Цыгане прекрасно понимали, что с ним происходит, и сторонились его. Они никогда не брали его с собой в центр города, в его присутствии все разговоры стихали, и это отчуждение мучило его особенно сильно.
Баро насмешливо наблюдал за Пихтой. Этот человек, как его видел и понимал баро, осуществлял в себе связь цыган с городом, пусть едва заметную, почти неуловимую, но все же связь с Лешим, и уйти от этой судьбы не мог никто: ни Пихта, ни Леший, ни табор…
Время стремительно мчалось к развязке затянувшегося узла, и Пихта был лишь первой зацепкой, поэтому баро и табор терпели его, выжидая, когда он сам покинет их. Цыгане не хотели его прогонять, но никто не стал бы его удерживать или сожалеть о нем. Да и что его держало теперь среди них? Этого не знал никто.
Под вечер, когда городок затих и все в таборе угомонились, Пихта подошел к баро.
— Я хочу поговорить с тобой, — сказал он и поежился, встретив насмешливый и пронзительный взгляд.

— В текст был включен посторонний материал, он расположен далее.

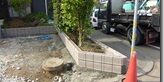 擁壁ブロック積みと下地工事が完成しました。サァーいよいよアプローチ造作が始まります。

— О чем? — спросил баро, раскуривая трубку.
— О многом, если позволишь…
— Говори.
— Я хотел бы спросить: что будет дальше?
— Не понимаю. Что ты хотел узнать от меня?
— Многое меня волнует, — ответил Пихта.
— Ишь ты, куда хватил, сам Дэвла, давший цыганам вечную дорогу, не знает, как быть с нами теперь.
— Быть может, когда цыгане остановятся, конец света наступит, а может быть, наши ноги вертят земной шар?..
— Все может быть, только нам не дано это знать. Сложные вопросы ты задаешь: в небо словами уходишь, а что под ногами делается — не видишь. В душу свою не заглядываешь, а если в себя не смотреть, что вокруг увидишь?
Пихта опешил.
— Что ты имеешь в виду? Через себя мир видеть…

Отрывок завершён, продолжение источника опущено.